After many manipulations, then taking a look at the source - I figured this out. Basically fetchAllIfNeeded will fetch models in an array that have no data, meaning there are no attribute properties and values.

So the use case would be you have lets say a parent object with an array of nested Parse Objects. When you fetch the parent object, the nested child objects in the array will not be included (unless you have the include query constraint set). Instead, the pointers are sent back to clientside and in your client, those pointers are translated into 'empty' models with no data, basically just blank Parse.Objects with ids.

Specifically, the Parse.Object has an internal Boolean property called _hasData which seems to be toggled true any time stuff like set, or fetch, or whatever gives that model attributes.

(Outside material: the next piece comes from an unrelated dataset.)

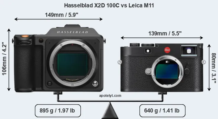 La Hasselblad X2D 100C e la Leica M11 (Typ 2416) sono due fotocamere digitali rivelate al pubblico rispettivamente a settembre 2022 e gennaio 2022. Il X2D 100C è una fotocamera mirrorless con obiettivo intercambiabile, mentre M11 è una fotocamera mirrorless con messa a fuoco a telemetro. Le fotocamere sono dotati di un sensore di medio formato (X2D 100C) e un sensore full frame (M11). La Hasselblad ha una risoluzione di 102,1 megapixel, mentre la Leica fornisce 60,3 MP.

So, lets say you need to fetch those child objects. You can just do something like

var childObjects = parent.get('children'); // Array
Parse.Object.fetchAllIfNeeded(childObjects);

And it will search for those children who are currently only represented as empty Objects with id.

It's useful as opposed to fetchAll in that you might go through the children array and lazily load one at a time as needed, then at a later time need to "get the rest". fetchAllIfNeeded essentially just filters "the rest" and sends a whereIn query that limits fetching to those child objects that have no data.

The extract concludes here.